Mary Banning’s Mushrooms

Coming soon from Princeton University Press!

“Fungi are considered vegetable outcasts. Like beggars by the wayside dressed in gay attire, they ask for attention but claim none.”

—Mary E. Banning

Mary Banning was one of the first North American mycologists. She was born in 1822 in Maryland. She was of European descent, and she was the youngest of many children. She lived at a time where women were decidedly second class citizens, had very limited access to formal education, and were expected to live entirely domestic lives. Though she was born into wealth, the death of her father in young adulthood left her family financially precarious. And when her mother and sisters became ill, she became their primary caregiver. So it was in between these domestic obligations, while hemmed in by social expectations and biases detrimental to women, that Mary Banning pursued her true calling: mycology.
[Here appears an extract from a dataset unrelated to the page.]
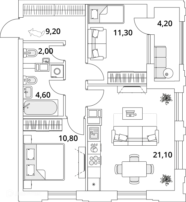 2 комн. квартира в Санкт-Петербурге в ипотеку от 103 829 руб/месяц

Over the course of many decades, Mary spent untold hours exploring the forests and fields of Maryland. She meticulously documented all of the fungi should find. She saved her money to pay for carriages to difficult to reach places, for some equipment, a microscope, and for the art supplies she used to render her subjects in exquisite watercolor. She produced impeccable, detailed, and almost poetic morphological descriptions of the fungi she encountered. She was also a fantastic writer, and she penned a number of charming, lucid tales of her adventures, trials, and tribulations, and greatest joys. She compiled these paintings, scientific descriptions, and narratives into a manuscript that she titled, Fungi of Maryland. On account of her gender, however, Banning’s work and talent went under appreciated in her lifetime, and her name was lost to obscurity for almost a century.
Because fungi disregarded by most formal institutions, it was often women who took up their study. Outcast organisms studied by outcast people.